■ **What is expected**:
Restate word for word the lines of the records below, starting at the line that contains "Petites rayures verticales" and ending at the line that contains "Chicco Chenille sparkdräkt", with both of those lines included and nothing else.

[[ Records shown open ]]

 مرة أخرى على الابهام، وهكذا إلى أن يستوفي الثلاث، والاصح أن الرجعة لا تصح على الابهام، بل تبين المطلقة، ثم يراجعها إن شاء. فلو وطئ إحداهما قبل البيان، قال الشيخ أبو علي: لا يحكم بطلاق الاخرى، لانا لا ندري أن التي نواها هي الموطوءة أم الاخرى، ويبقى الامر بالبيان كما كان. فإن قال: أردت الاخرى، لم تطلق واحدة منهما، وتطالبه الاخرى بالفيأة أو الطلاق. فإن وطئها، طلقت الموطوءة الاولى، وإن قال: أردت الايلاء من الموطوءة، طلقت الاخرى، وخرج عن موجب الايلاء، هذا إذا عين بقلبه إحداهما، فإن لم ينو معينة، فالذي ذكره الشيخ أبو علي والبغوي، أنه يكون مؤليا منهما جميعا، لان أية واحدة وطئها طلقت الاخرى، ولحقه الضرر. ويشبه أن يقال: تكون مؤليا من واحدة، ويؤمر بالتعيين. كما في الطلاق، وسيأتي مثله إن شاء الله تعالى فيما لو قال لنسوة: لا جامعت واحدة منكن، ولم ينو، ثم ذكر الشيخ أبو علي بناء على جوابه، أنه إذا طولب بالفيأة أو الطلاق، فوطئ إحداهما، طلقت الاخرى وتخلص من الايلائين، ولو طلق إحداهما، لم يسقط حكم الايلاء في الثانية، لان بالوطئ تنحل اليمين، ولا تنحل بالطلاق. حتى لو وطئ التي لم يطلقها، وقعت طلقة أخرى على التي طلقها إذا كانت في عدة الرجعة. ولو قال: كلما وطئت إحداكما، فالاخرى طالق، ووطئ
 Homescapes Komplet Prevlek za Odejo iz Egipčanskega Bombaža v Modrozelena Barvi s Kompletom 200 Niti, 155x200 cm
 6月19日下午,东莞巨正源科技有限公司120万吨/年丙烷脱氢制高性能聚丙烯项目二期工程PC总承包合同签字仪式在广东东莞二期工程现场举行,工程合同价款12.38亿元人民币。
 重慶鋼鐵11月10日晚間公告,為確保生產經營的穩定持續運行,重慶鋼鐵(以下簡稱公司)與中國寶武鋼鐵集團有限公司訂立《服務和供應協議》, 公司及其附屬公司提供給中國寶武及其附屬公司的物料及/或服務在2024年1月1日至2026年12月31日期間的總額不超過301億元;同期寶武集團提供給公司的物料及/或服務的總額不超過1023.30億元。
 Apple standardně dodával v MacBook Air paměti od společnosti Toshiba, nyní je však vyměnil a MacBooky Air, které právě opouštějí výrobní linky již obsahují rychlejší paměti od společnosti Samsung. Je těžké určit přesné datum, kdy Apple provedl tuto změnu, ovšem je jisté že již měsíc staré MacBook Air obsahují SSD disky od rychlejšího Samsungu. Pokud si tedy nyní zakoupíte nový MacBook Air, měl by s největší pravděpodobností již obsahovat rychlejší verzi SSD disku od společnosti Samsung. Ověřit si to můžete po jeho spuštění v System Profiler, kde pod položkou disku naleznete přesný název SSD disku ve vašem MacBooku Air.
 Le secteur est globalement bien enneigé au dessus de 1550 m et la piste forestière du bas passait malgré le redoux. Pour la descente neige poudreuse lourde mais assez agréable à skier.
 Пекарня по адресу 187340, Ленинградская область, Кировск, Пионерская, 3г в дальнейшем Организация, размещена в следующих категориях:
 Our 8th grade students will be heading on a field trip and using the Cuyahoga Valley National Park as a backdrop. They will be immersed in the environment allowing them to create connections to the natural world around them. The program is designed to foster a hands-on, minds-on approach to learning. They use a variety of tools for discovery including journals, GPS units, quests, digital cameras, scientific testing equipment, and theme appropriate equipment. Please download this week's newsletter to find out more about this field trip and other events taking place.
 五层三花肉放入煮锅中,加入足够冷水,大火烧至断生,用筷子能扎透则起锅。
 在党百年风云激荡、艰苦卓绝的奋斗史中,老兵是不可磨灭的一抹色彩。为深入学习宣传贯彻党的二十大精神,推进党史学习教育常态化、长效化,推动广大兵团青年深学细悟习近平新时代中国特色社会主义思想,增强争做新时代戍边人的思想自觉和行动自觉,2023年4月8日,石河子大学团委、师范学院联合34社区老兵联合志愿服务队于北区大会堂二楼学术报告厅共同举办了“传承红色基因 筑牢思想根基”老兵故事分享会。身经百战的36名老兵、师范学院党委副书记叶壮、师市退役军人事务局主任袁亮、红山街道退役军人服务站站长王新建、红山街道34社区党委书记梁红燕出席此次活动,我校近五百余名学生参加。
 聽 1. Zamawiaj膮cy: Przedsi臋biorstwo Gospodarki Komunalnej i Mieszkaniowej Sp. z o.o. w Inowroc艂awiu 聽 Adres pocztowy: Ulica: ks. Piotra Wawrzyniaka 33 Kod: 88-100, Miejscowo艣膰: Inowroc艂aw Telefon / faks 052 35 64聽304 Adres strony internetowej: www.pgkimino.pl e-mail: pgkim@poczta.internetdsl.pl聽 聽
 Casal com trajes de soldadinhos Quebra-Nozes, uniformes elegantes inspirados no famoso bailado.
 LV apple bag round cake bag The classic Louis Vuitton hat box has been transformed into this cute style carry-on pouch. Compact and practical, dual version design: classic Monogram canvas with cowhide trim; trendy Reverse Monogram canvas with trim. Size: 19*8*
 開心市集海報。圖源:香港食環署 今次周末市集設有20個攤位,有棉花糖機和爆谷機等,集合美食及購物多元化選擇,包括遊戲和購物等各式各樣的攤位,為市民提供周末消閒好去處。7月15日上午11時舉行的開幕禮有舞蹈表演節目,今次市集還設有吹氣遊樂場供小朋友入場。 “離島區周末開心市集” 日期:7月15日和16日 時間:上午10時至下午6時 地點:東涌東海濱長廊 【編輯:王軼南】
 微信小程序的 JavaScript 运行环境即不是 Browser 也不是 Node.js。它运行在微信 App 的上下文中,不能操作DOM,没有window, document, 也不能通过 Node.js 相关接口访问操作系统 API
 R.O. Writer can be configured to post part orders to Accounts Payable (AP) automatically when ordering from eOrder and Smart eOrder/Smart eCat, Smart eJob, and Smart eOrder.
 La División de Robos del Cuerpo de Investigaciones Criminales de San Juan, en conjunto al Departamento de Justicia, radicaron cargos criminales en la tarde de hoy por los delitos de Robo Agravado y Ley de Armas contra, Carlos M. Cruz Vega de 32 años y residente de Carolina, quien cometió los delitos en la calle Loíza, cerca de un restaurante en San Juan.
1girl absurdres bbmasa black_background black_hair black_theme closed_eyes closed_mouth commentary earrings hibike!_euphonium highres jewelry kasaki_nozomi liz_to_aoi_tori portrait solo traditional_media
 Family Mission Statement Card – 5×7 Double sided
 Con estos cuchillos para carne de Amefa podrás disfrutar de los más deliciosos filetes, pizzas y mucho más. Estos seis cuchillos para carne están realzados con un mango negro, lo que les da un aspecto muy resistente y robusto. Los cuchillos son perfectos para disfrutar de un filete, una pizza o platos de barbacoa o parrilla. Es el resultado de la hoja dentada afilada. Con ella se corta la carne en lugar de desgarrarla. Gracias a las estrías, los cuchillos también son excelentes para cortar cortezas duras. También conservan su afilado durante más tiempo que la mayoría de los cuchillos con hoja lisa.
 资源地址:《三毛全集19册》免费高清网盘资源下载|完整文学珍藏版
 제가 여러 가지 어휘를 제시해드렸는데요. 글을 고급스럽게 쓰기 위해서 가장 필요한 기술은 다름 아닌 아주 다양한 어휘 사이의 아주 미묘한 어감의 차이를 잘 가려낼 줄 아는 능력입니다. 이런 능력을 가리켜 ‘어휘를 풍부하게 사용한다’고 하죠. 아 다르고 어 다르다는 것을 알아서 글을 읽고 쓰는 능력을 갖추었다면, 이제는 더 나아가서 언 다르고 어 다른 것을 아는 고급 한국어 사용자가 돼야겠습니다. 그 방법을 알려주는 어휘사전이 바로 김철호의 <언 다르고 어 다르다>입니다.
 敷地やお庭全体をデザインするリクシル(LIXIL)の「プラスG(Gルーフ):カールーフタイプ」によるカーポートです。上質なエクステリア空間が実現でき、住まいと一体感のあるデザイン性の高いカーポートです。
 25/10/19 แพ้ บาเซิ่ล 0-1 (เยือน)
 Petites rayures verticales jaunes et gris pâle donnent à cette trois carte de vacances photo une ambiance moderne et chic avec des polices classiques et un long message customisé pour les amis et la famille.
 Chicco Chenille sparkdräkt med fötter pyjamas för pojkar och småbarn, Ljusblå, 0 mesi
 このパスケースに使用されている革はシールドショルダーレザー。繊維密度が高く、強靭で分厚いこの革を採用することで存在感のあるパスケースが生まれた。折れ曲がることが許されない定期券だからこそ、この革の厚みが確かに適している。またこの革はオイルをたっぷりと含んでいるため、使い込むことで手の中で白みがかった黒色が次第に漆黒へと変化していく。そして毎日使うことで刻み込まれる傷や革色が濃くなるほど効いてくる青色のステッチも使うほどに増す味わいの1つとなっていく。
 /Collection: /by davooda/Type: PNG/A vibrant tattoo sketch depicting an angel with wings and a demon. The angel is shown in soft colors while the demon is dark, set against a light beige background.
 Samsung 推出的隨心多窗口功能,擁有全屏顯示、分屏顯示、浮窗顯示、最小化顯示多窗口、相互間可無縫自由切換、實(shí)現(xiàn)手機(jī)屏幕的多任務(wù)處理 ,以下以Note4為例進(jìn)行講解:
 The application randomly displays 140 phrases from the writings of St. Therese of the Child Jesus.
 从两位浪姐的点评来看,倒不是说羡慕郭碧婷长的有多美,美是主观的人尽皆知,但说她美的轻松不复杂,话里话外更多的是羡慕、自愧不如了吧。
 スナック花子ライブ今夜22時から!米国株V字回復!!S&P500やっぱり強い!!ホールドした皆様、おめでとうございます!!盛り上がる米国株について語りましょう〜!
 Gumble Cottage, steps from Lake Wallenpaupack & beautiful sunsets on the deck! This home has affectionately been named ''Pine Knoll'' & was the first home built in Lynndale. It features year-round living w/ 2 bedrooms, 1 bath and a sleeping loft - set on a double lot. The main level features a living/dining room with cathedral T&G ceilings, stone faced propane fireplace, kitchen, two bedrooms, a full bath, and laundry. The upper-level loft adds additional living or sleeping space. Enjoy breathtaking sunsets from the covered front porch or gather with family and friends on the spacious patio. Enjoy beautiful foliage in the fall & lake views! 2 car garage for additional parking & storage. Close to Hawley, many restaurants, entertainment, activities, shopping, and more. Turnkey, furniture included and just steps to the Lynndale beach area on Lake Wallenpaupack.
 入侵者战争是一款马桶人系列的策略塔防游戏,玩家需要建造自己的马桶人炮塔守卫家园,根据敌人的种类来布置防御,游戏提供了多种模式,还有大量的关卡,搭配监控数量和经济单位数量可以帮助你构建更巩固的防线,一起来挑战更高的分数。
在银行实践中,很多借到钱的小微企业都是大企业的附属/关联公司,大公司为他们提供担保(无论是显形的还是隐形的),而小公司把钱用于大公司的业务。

[[ Records shown closed ]]

■ **Expected answer**:
 Petites rayures verticales jaunes et gris pâle donnent à cette trois carte de vacances photo une ambiance moderne et chic avec des polices classiques et un long message customisé pour les amis et la famille.
 Chicco Chenille sparkdräkt med fötter pyjamas för pojkar och småbarn, Ljusblå, 0 mesi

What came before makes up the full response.